Work task >>
What you return should be the lines from the one with "3月23日,市社会主义学院党" through the one with "Бігова доріжка Toorx Experience" in the data below, reproduced exactly with both ends, and no pictures at all.

Extracted information >>
+-------+

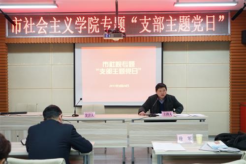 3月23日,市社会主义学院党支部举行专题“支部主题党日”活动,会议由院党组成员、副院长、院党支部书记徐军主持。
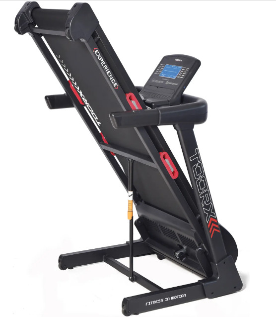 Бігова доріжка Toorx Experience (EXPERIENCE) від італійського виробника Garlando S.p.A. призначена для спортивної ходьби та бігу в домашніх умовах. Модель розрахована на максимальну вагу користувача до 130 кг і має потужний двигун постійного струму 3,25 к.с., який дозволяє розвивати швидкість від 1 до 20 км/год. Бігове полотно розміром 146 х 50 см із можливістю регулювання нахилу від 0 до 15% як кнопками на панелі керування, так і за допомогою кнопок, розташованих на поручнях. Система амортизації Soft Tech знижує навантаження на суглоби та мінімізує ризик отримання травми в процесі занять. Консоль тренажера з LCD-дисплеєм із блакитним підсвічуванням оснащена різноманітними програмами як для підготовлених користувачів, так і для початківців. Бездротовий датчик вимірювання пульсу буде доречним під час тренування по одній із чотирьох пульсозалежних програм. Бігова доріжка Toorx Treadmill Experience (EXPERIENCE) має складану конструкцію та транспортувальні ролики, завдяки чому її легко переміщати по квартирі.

+-------+

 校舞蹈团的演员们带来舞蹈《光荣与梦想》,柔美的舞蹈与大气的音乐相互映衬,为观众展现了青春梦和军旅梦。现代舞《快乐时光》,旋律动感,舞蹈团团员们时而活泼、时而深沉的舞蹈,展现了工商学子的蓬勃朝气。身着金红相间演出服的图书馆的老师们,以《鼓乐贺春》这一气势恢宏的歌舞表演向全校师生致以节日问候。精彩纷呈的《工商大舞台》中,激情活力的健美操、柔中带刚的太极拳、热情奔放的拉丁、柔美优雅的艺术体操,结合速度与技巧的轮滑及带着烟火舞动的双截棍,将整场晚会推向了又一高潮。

+-------+

Response to this exercise >>
 3月23日,市社会主义学院党支部举行专题“支部主题党日”活动,会议由院党组成员、副院长、院党支部书记徐军主持。
 Бігова доріжка Toorx Experience (EXPERIENCE) від італійського виробника Garlando S.p.A. призначена для спортивної ходьби та бігу в домашніх умовах. Модель розрахована на максимальну вагу користувача до 130 кг і має потужний двигун постійного струму 3,25 к.с., який дозволяє розвивати швидкість від 1 до 20 км/год. Бігове полотно розміром 146 х 50 см із можливістю регулювання нахилу від 0 до 15% як кнопками на панелі керування, так і за допомогою кнопок, розташованих на поручнях. Система амортизації Soft Tech знижує навантаження на суглоби та мінімізує ризик отримання травми в процесі занять. Консоль тренажера з LCD-дисплеєм із блакитним підсвічуванням оснащена різноманітними програмами як для підготовлених користувачів, так і для початківців. Бездротовий датчик вимірювання пульсу буде доречним під час тренування по одній із чотирьох пульсозалежних програм. Бігова доріжка Toorx Treadmill Experience (EXPERIENCE) має складану конструкцію та транспортувальні ролики, завдяки чому її легко переміщати по квартирі.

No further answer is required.